**What the exercise asks**:
Output the entries below exactly as written, omitting pictures.
▶
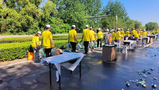 到达补给地点后,志愿者们各司其职,快速投入志愿服务准备中,将温暖和关怀化为支持运动员的力量,为国内外的一万七千余名选手提供坚实保障。
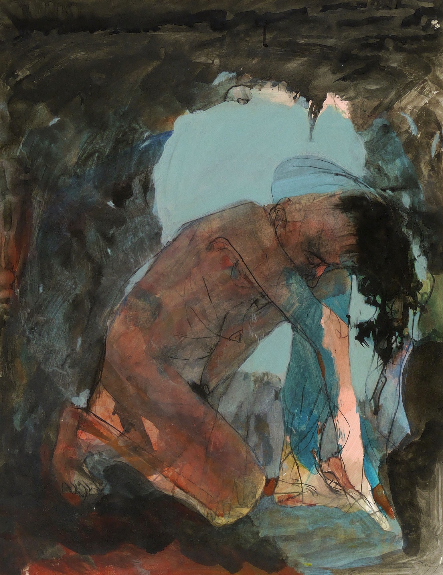 1991. Mischtechnik / Kohle, Aquarell & Tusche, auf festem weißem Karton. – Originale Künstlergrafik, von Gudrun Trendafilov. – Unikat. – 90,6 x 70,3 cm (Darstellung / Blatt).
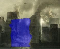 Imagine a monster trying to walk in between the two buildings, scraping its legs against the bottoms of the buildings, having to shift its weight forward and to the side in order to keep moving forward, like a person struggling to walk through mud. But by doing this, it smacks its head aside the Chase Manhattan building for a moment, leaving an impression. This interpretation provides us with a good idea of the size of the monster.
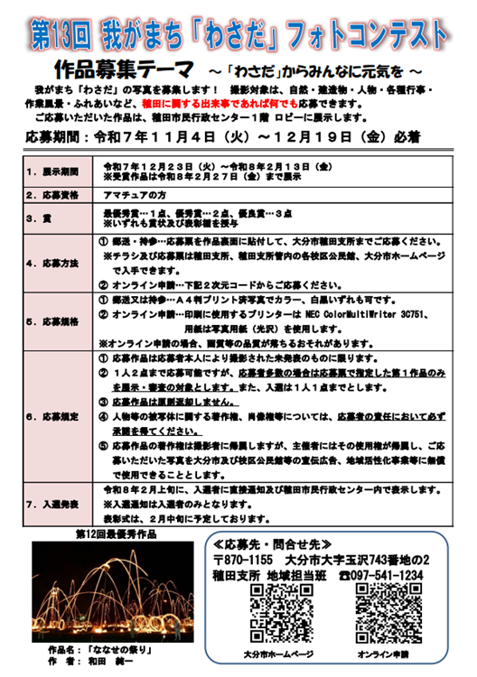 大分市では、地域の豊かな自然や歴史に触れることで我がまちへの関心、愛着を深めること等を目的として、『我がまち「わさだ」フォトコンテスト』を実施しています。
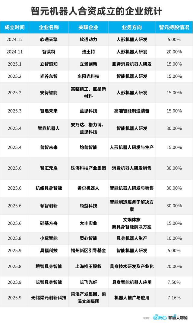 此外,智元还通过合资设立至少17家新公司,借力上市公司或地方产业集团,切入产能、渠道与场景。
◀
**Answer area**:
 到达补给地点后,志愿者们各司其职,快速投入志愿服务准备中,将温暖和关怀化为支持运动员的力量,为国内外的一万七千余名选手提供坚实保障。
 1991. Mischtechnik / Kohle, Aquarell & Tusche, auf festem weißem Karton. – Originale Künstlergrafik, von Gudrun Trendafilov. – Unikat. – 90,6 x 70,3 cm (Darstellung / Blatt).
 Imagine a monster trying to walk in between the two buildings, scraping its legs against the bottoms of the buildings, having to shift its weight forward and to the side in order to keep moving forward, like a person struggling to walk through mud. But by doing this, it smacks its head aside the Chase Manhattan building for a moment, leaving an impression. This interpretation provides us with a good idea of the size of the monster.
 大分市では、地域の豊かな自然や歴史に触れることで我がまちへの関心、愛着を深めること等を目的として、『我がまち「わさだ」フォトコンテスト』を実施しています。
 此外,智元还通过合资设立至少17家新公司,借力上市公司或地方产业集团,切入产能、渠道与场景。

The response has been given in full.